* TO DO
Would you reproduce each of the records below precisely, with the pictures left out?

[Data items]
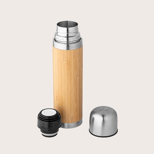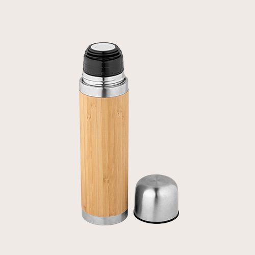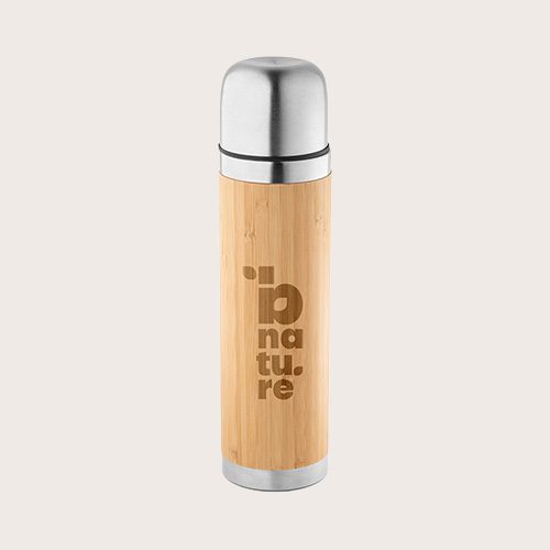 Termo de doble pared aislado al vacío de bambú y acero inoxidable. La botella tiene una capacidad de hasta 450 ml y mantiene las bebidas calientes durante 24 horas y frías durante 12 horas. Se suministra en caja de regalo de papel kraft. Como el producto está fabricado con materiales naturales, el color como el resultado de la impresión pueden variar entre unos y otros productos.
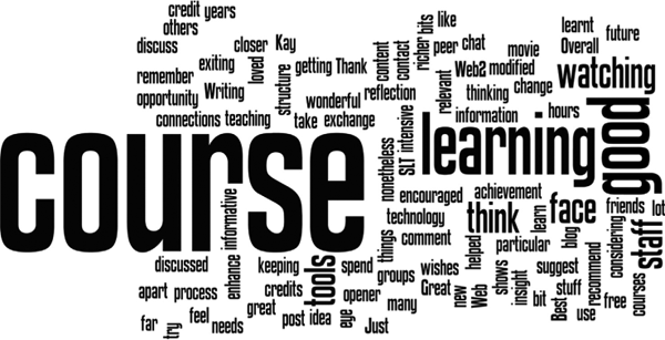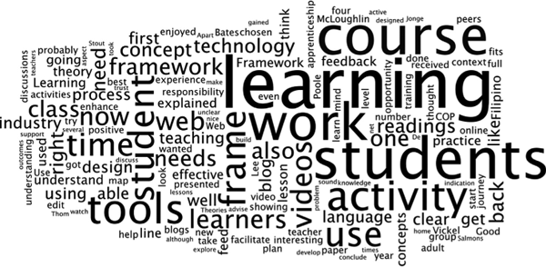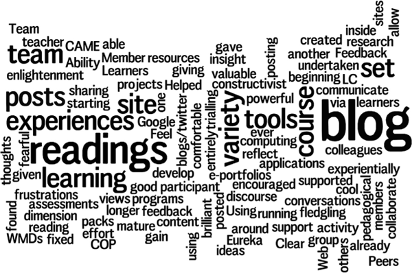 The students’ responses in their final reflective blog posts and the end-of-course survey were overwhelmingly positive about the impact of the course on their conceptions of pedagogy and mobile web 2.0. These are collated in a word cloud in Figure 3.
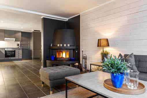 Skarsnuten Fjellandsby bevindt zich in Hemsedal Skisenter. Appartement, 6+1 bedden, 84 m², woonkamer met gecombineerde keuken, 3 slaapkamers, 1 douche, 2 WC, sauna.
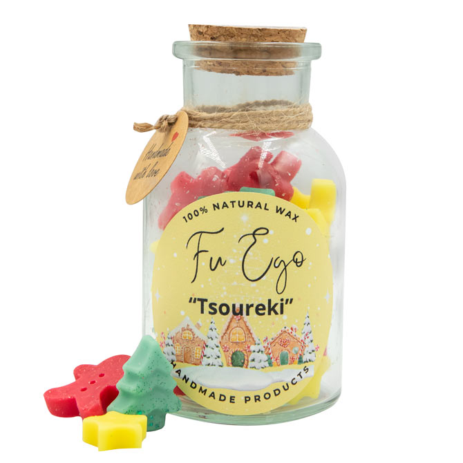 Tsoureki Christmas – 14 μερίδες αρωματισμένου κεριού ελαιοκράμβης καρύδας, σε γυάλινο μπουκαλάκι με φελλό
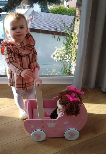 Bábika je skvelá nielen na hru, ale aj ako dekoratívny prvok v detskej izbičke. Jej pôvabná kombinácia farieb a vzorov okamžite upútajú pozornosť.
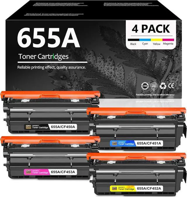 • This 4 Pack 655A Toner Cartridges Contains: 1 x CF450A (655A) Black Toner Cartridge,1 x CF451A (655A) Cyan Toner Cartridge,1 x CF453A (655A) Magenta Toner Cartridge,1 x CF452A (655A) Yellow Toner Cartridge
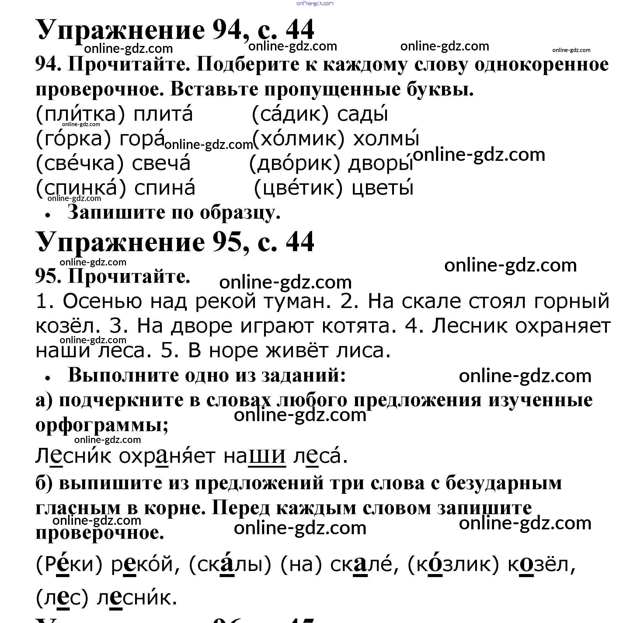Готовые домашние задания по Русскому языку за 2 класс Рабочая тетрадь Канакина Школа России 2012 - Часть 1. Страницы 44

* ANSWER
 Termo de doble pared aislado al vacío de bambú y acero inoxidable. La botella tiene una capacidad de hasta 450 ml y mantiene las bebidas calientes durante 24 horas y frías durante 12 horas. Se suministra en caja de regalo de papel kraft. Como el producto está fabricado con materiales naturales, el color como el resultado de la impresión pueden variar entre unos y otros productos.
 The students’ responses in their final reflective blog posts and the end-of-course survey were overwhelmingly positive about the impact of the course on their conceptions of pedagogy and mobile web 2.0. These are collated in a word cloud in Figure 3.
 Skarsnuten Fjellandsby bevindt zich in Hemsedal Skisenter. Appartement, 6+1 bedden, 84 m², woonkamer met gecombineerde keuken, 3 slaapkamers, 1 douche, 2 WC, sauna.
 Tsoureki Christmas – 14 μερίδες αρωματισμένου κεριού ελαιοκράμβης καρύδας, σε γυάλινο μπουκαλάκι με φελλό
 Bábika je skvelá nielen na hru, ale aj ako dekoratívny prvok v detskej izbičke. Jej pôvabná kombinácia farieb a vzorov okamžite upútajú pozornosť.
 • This 4 Pack 655A Toner Cartridges Contains: 1 x CF450A (655A) Black Toner Cartridge,1 x CF451A (655A) Cyan Toner Cartridge,1 x CF453A (655A) Magenta Toner Cartridge,1 x CF452A (655A) Yellow Toner Cartridge
Готовые домашние задания по Русскому языку за 2 класс Рабочая тетрадь Канакина Школа России 2012 - Часть 1. Страницы 44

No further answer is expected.